Trust is at the heart of every good relationship. For a lawyer, it is the central ingredient that ties them to their clients and proves they provide advice worthy of payment. But as law firms continue to merge and grow into national, regional and global-sized businesses with hundreds—if not thousands—of lawyers, it seems the traditional role of the lawyer as a trusted advisor has been eroded.

Moreover, with the advent of technology, the proliferation of legal outsource providers and cheaper alternatives to traditional legal service offerings emerging, discovering a trusted advisor is more difficult, yet important, than ever. We are all subject to being replaced by a database if data is all there is, but you cannot outsource relationships. We are infinitely far from replacing the nuances that come from discussing a difficult matter with a trusted advisor.

If lawyers are building trust-based relationships with clients, what are they doing to achieve such a respected position in the eyes of their clients?
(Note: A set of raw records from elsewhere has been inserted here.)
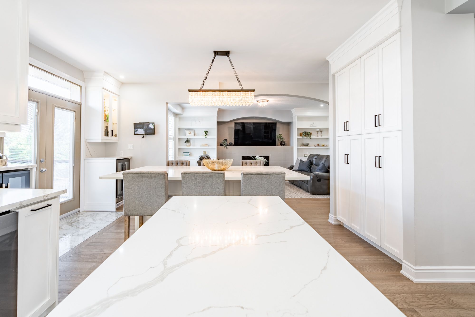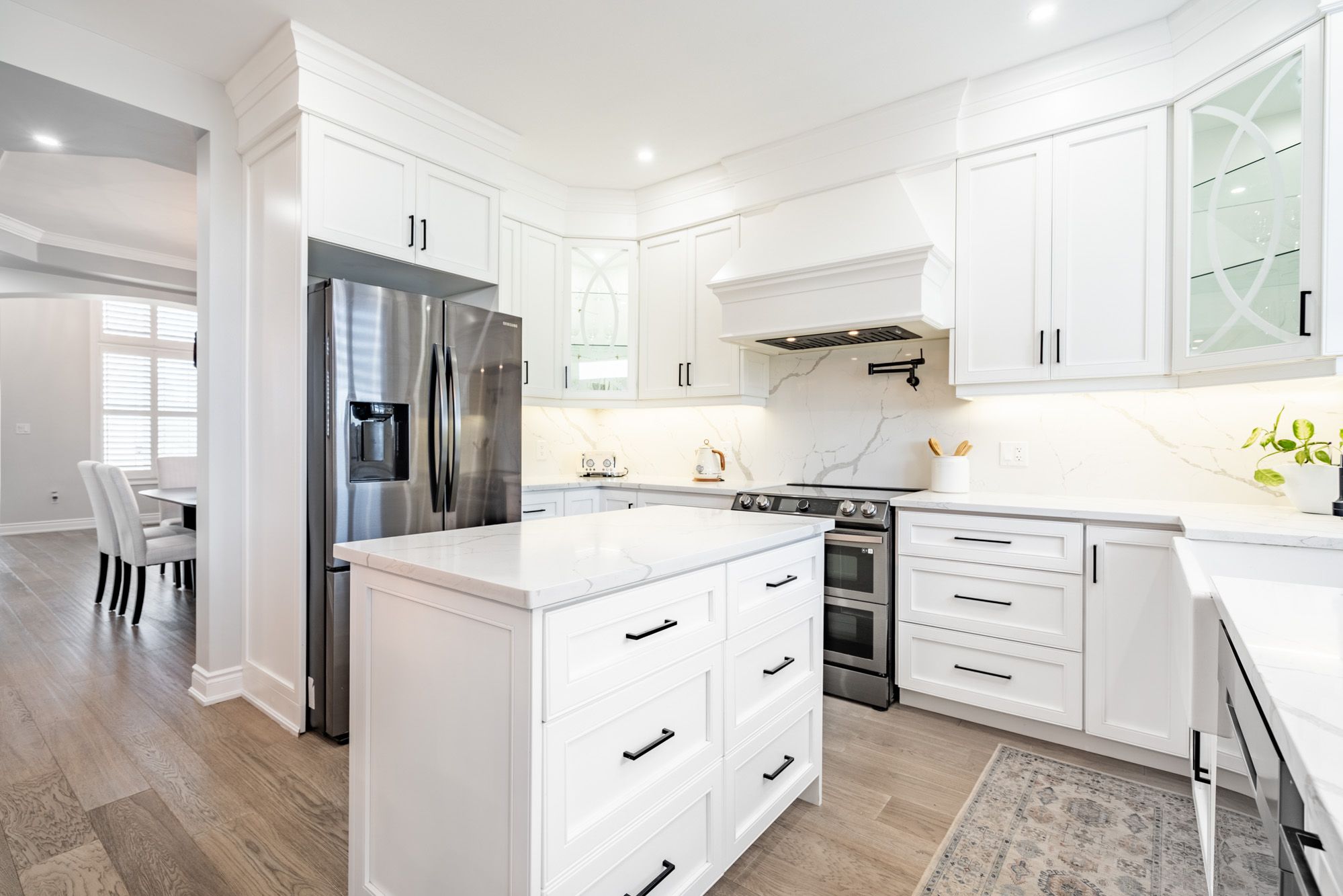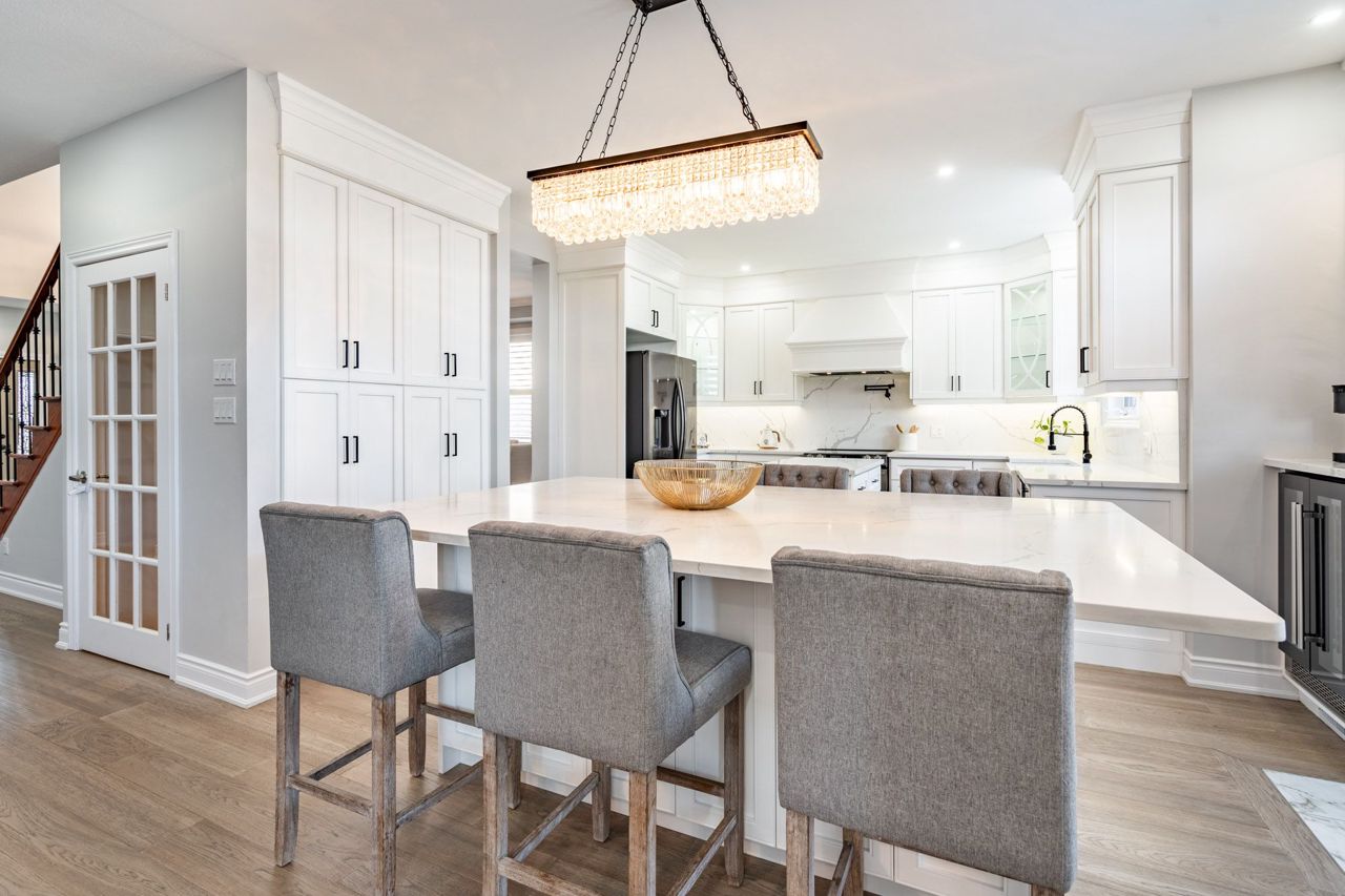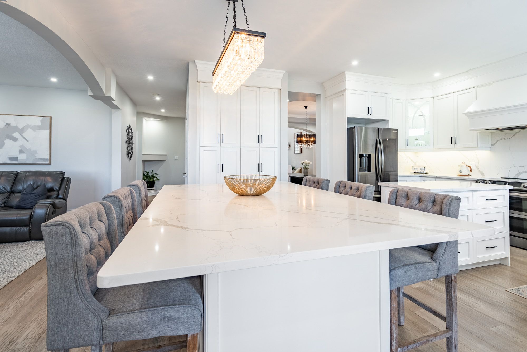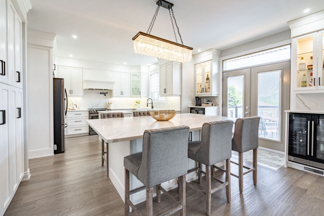 kitchen/ main floor finishes with flawless concept including exquisite 6-8 seat island & soaring ceilings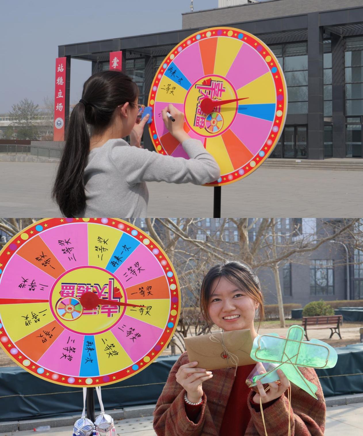 游园会入口处,同学们接过集章卡,兴致盎然地投入小游戏,集齐三枚,或驻足观赛王者荣耀,即可换得一次抽奖机会。抽奖处前笑语轻扬,大家在游戏与观赛间自在穿梭,为春日校园增添几分热闹与欢喜。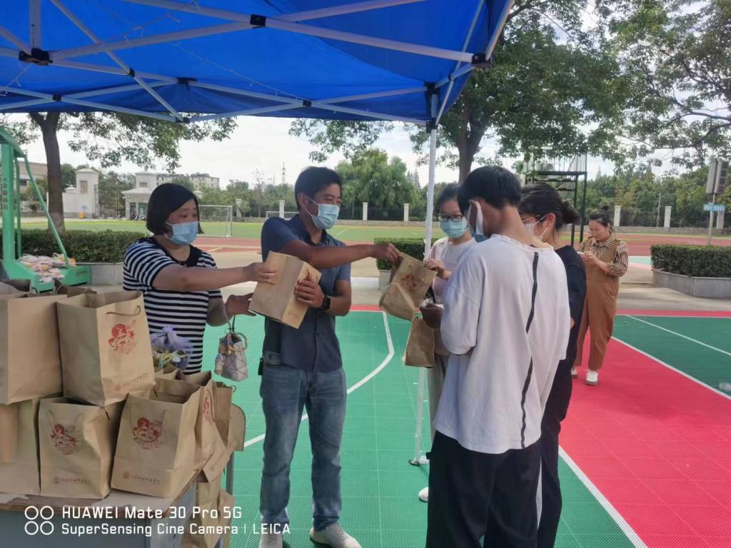 这是后勤保障处配合学校团委、组织餐饮公司摆摊设点开展的一场中秋送月饼活动,后勤保障党支部部分当日入校党员参加了活动。据了解,发月饼活动在两个校区同时举行,学工部门提前把礼品券发放到学生手中,学生凭券在中秋节当日领取一份礼品。本场活动共为在校学生发放了2406余份礼品。为了做好这场活动,后勤保障处提前积极准备,礼盒订制、挑选购买月饼均由后勤保障处负责完成。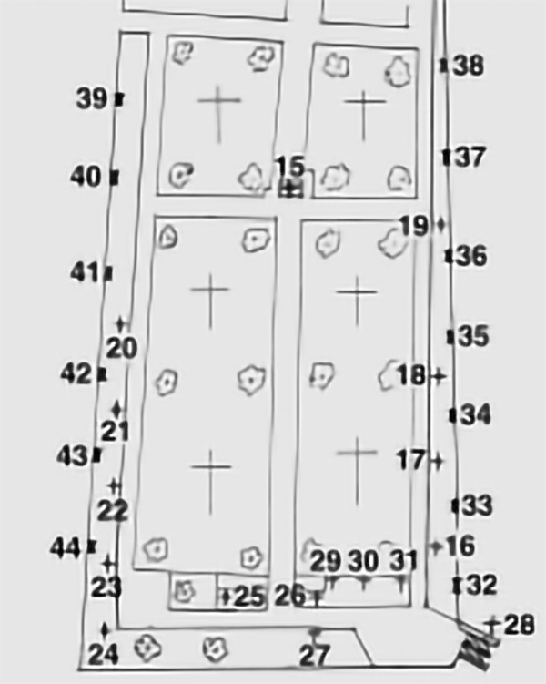 Der Friedhof lag nordöstlich der Kirche Sankt Martinus auf einem leichten Plateau. Der Zugang erfolgte über eine Treppe nördlich der Kirche.

If they are not, what are they doing to prevent those relationships from developing? Becoming a trusted advisor starts with understanding that a professional’s place in the world cannot be guaranteed by their expertise alone. Many attorneys operate from the mistaken belief that the scarce resource they offer their clients is expertise. In fact, the scarce resource is the relationship and expertise is best thought of as a necessary, but not a sufficient, condition.

The following distinguishing characteristics are those that reside in an attorney who is truly a trusted advisor:

  • Provides more value than is asked for. If price is the true differentiator, then the client is not looking for a trusted advisor but rather a technician.
  • Does not simply tell the client what they want to hear, but the good, the bad and the ugly of a situation.
  • Gives advice to avoid the worst-case situation; but can also help a client understand not only what could happen but what is likely to happen.
  • Puts himself or herself in the client’s shoes by taking the time to understand the client’s business, culture, constraints and realities.
  • Acts as a business partner with well thought out advice grounded in deep expertise and best practices, and is able to put on a business hat. Too many lawyers are more concerned about their firm’s best interest than in determining what is truly in the client’s best interest.
  • Provides quick responses to requests and explains things clearly; overcoming the adage that attorneys and strategy do not mix.
  • Demonstrates a greater desire in helping than in making money by treating a valued client as a high priority.